### ABOUT THIS EXERCISE
Pictures aside, repeat the whole listing word for word.

### GIVEN DATA
########
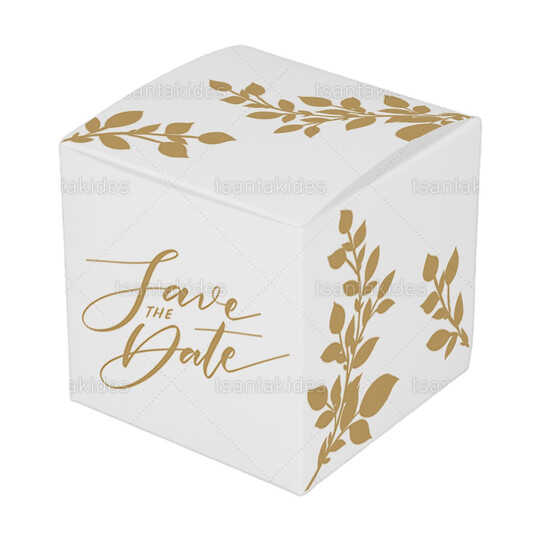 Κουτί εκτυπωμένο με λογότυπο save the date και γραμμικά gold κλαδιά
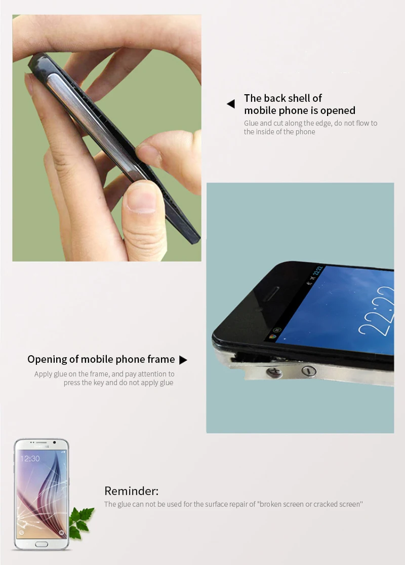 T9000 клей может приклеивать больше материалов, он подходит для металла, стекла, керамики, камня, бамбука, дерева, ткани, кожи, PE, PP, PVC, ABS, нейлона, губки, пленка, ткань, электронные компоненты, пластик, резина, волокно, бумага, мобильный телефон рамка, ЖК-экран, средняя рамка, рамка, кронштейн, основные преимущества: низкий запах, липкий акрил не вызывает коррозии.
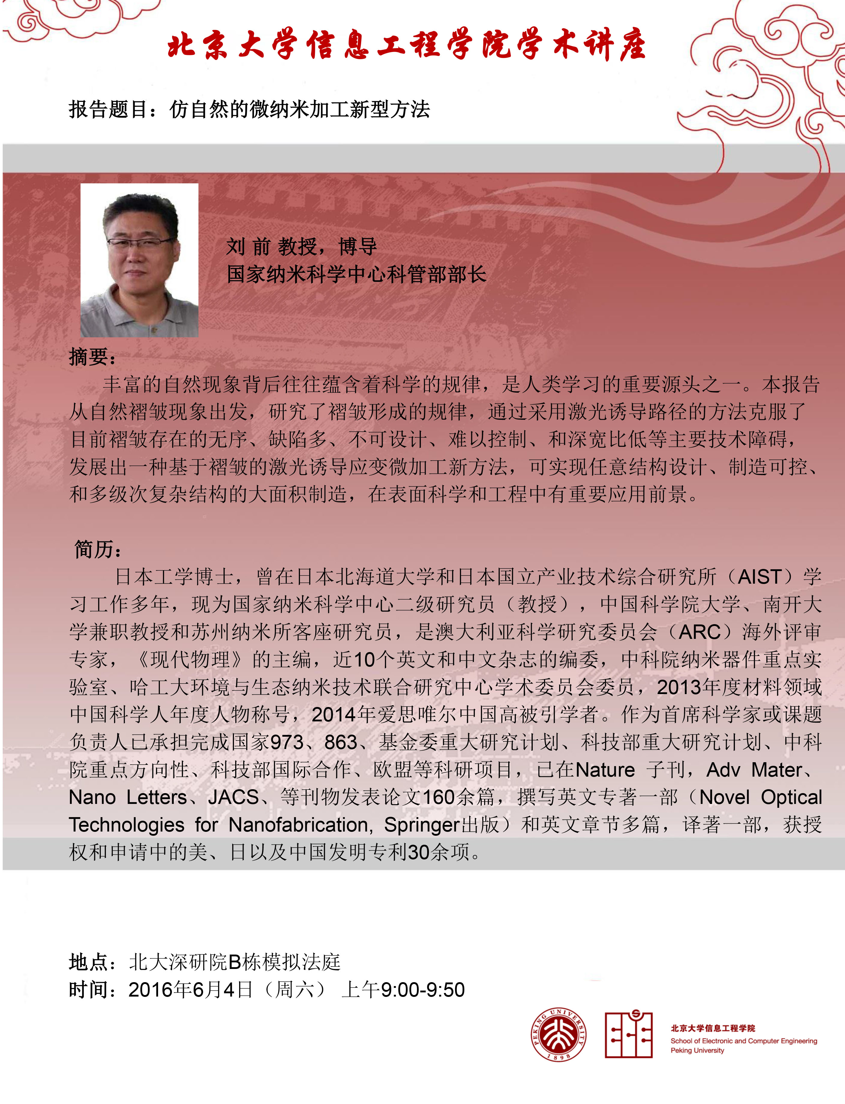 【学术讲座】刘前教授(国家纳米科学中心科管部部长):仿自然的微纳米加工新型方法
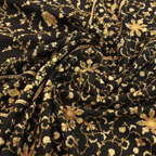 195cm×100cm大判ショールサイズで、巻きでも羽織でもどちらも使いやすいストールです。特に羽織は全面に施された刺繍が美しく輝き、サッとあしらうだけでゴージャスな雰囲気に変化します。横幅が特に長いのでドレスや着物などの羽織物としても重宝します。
########
### RESPONSE BELOW
 Κουτί εκτυπωμένο με λογότυπο save the date και γραμμικά gold κλαδιά
 T9000 клей может приклеивать больше материалов, он подходит для металла, стекла, керамики, камня, бамбука, дерева, ткани, кожи, PE, PP, PVC, ABS, нейлона, губки, пленка, ткань, электронные компоненты, пластик, резина, волокно, бумага, мобильный телефон рамка, ЖК-экран, средняя рамка, рамка, кронштейн, основные преимущества: низкий запах, липкий акрил не вызывает коррозии.
 【学术讲座】刘前教授(国家纳米科学中心科管部部长):仿自然的微纳米加工新型方法
 195cm×100cm大判ショールサイズで、巻きでも羽織でもどちらも使いやすいストールです。特に羽織は全面に施された刺繍が美しく輝き、サッとあしらうだけでゴージャスな雰囲気に変化します。横幅が特に長いのでドレスや着物などの羽織物としても重宝します。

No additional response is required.